C'est leur esprit qui est discriminant : ils pensent en termes d'exclusion, de catégories, d'ethnies, de couleur de peau – que font-ils, d'ailleurs, des métissages divers ?
Au milieu de toutes les misères du monde, dont je vous épargne la litanie bien connue, ces gens n'ont trouvé que ce sujet marginal pour exercer leur énergie militante ? Venant d'un pays qui refuse d'interdire les mines anti-personnel, tueuses de civils longtemps après les conflits, ils n'ont trouvé que ça ?

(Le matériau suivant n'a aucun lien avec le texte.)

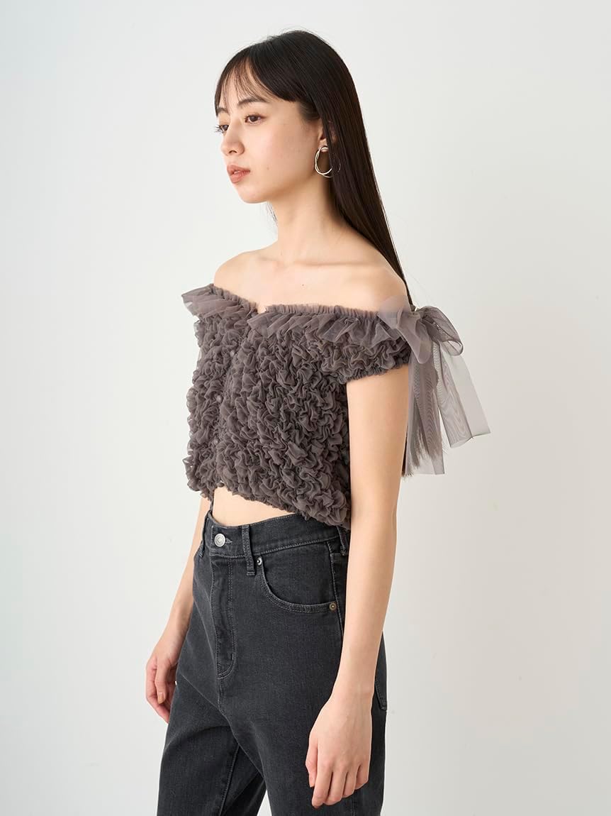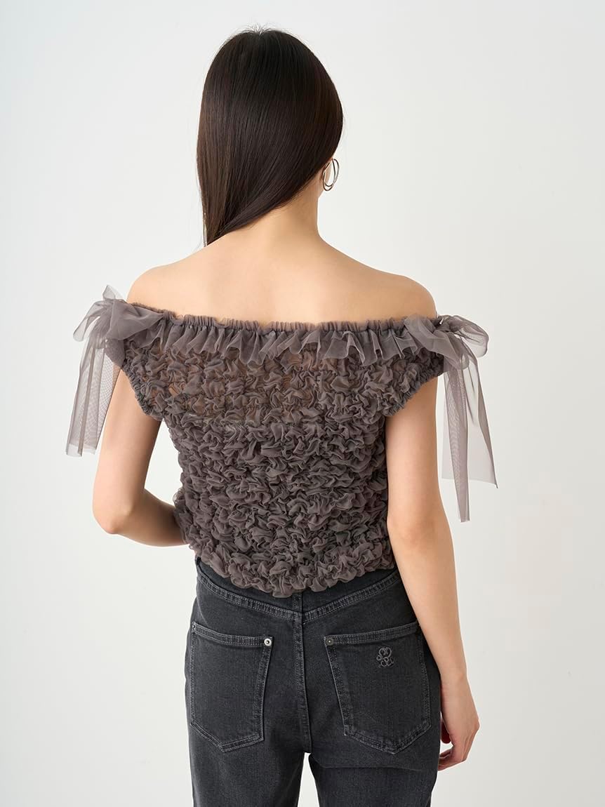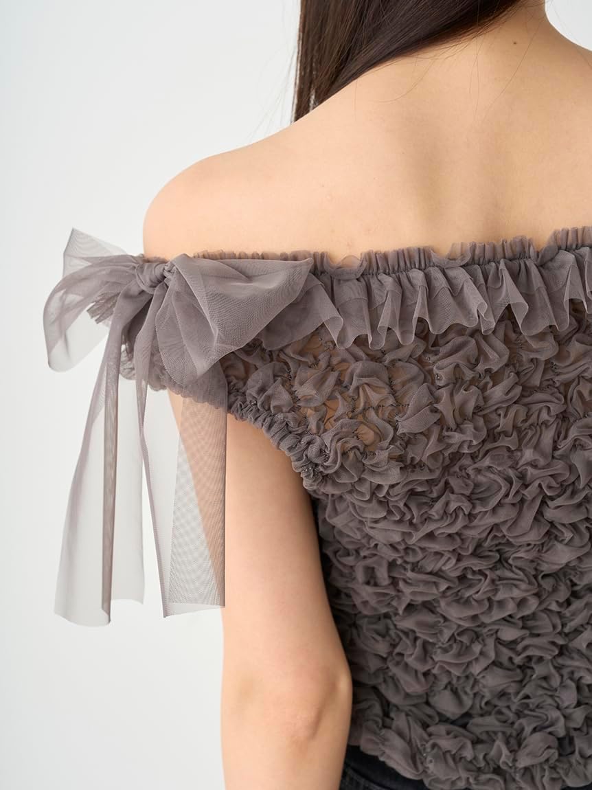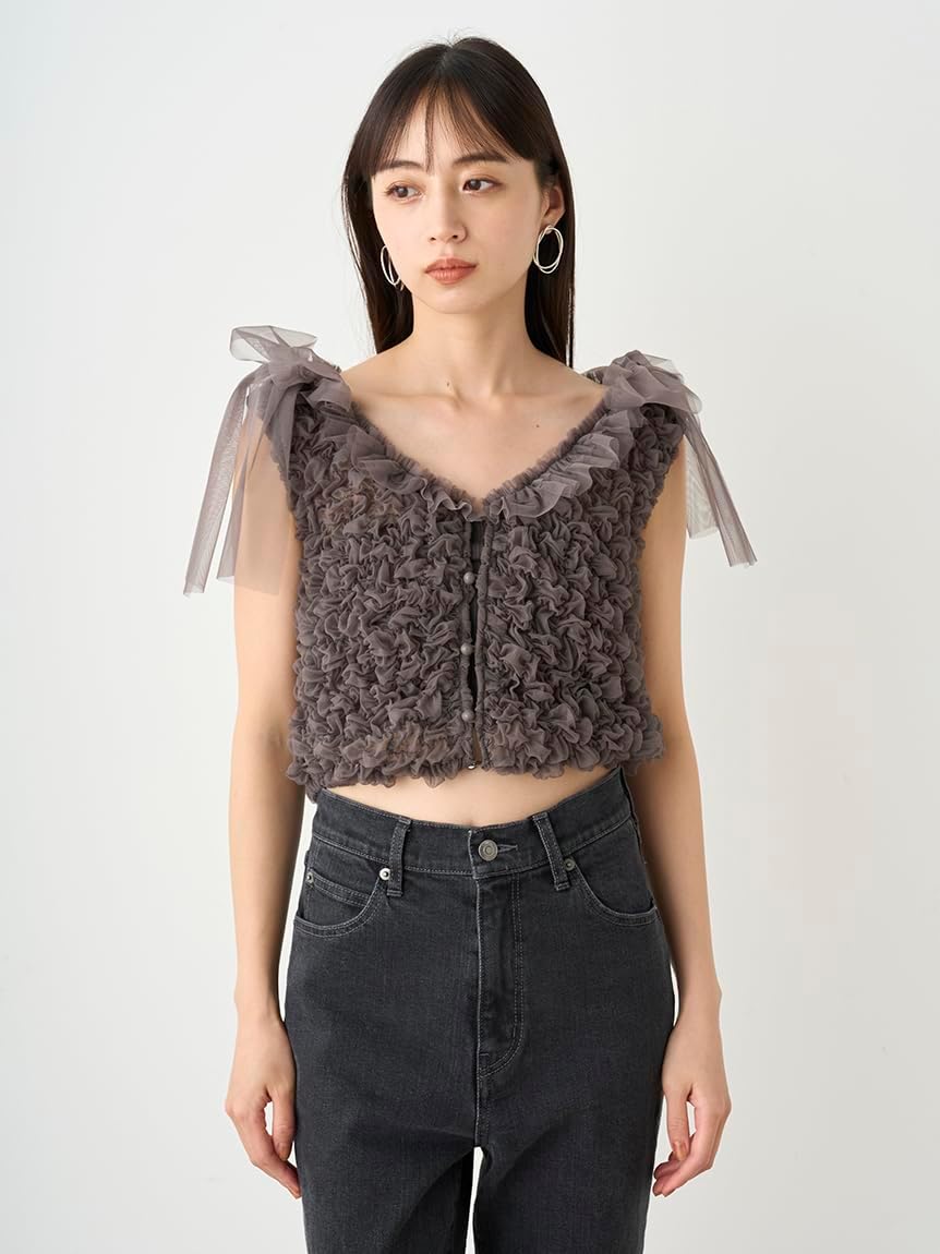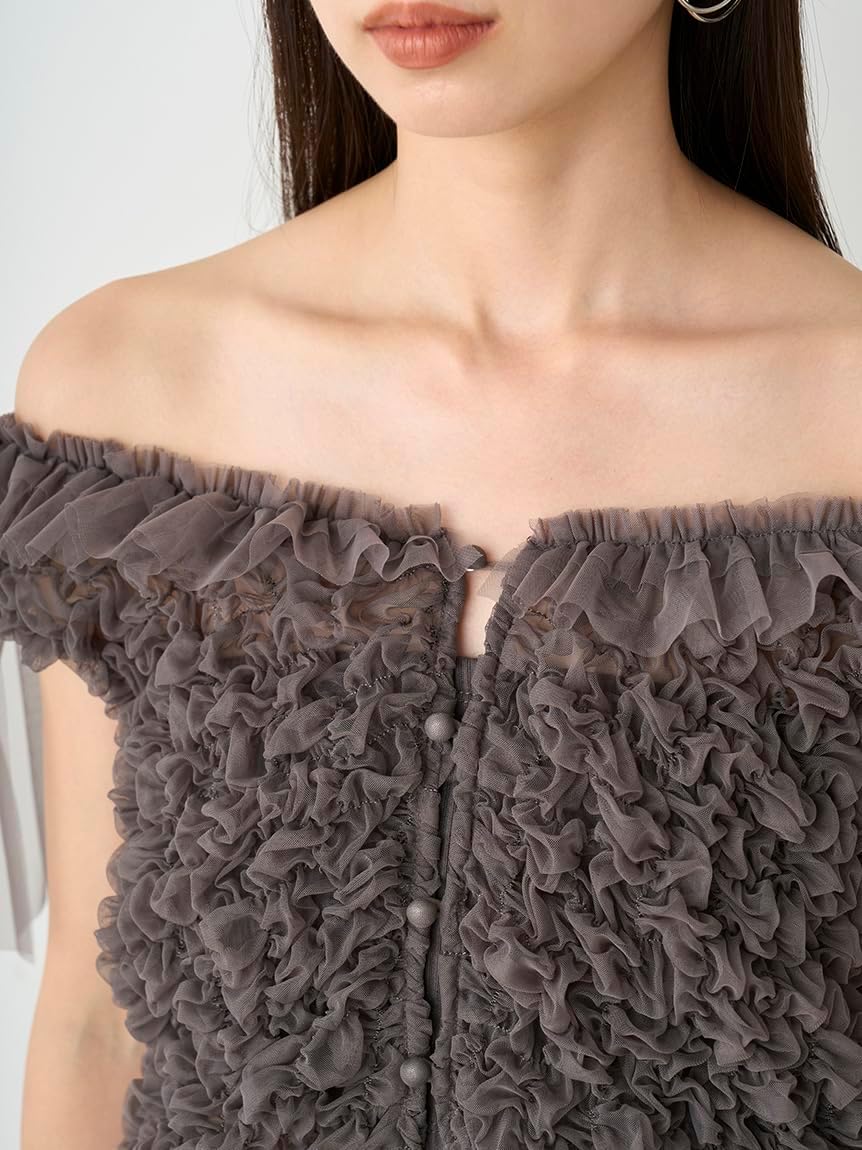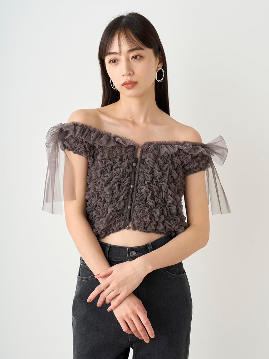 【薄纱抽褶是柔软的表情的七分上衣】 [Design/Styling] 充满女性魅力的薄纱七分上衣。 具有透明感且柔软的薄纱材料加上原创的图案,给人一种轻快的表情,给人留下深刻印象的面料。 外观小巧,但有弹性,贴合身体,轻便易穿着。 建议穿在肩上。 针织材质的抹胸,可放心穿着。 V字领采用细腻的褶边,并且肩部采用蓬松的大蝴蝶结,给人一种可爱的感觉。 [面料] 有成熟印象的象牙色、女士深灰色、今年流行颜色的柔软薄荷色3种颜色。 无罩杯抹胸。 透明感:有 内衬:带内衬 弹性:有 光泽感;无 面料厚度:偏薄 【推荐骨骼型】 ■骨骼波浪 ■骨骼自然

D'ailleurs, sera-ce encore du français ? On pourrait le baptiser autrement, du franglosaxon peut-être ? D'un simple point de vue pratique, veut-on une flambée de suicides chez les correcteurs qui devront vérifier Les Misérables ou Le Comte de Monte-Cristo, en inclusif dans le texte ? Pensent-ils que les jeunes, pris comme ils sont par une multitude d'écrans, tablettes, ordis et télés, liront davantage ces classiques touffus s'ils sont écrits en inclusif ET expurgés de mots désormais tabous ?
Et d'un point de vue esthétique ! Personnellement, je n'en peux plus d'entendre décliner à toutes les sauces le fameux « Françaises, Français ! » et ses succédanés. Si celui-ci se comprend par la majesté de l'adresse d'un président à ses citoyens, chaque politicien ou journaliste se croit tenu d'imiter les « celles et ceux » ou « toutes et tous » du président Macron ! Jusqu'aux supermarchés qui se prennent pour De Gaulle, avec leur "Chers clientes, chers clients" ! Pitié, stop à ces automatismes lourdingues !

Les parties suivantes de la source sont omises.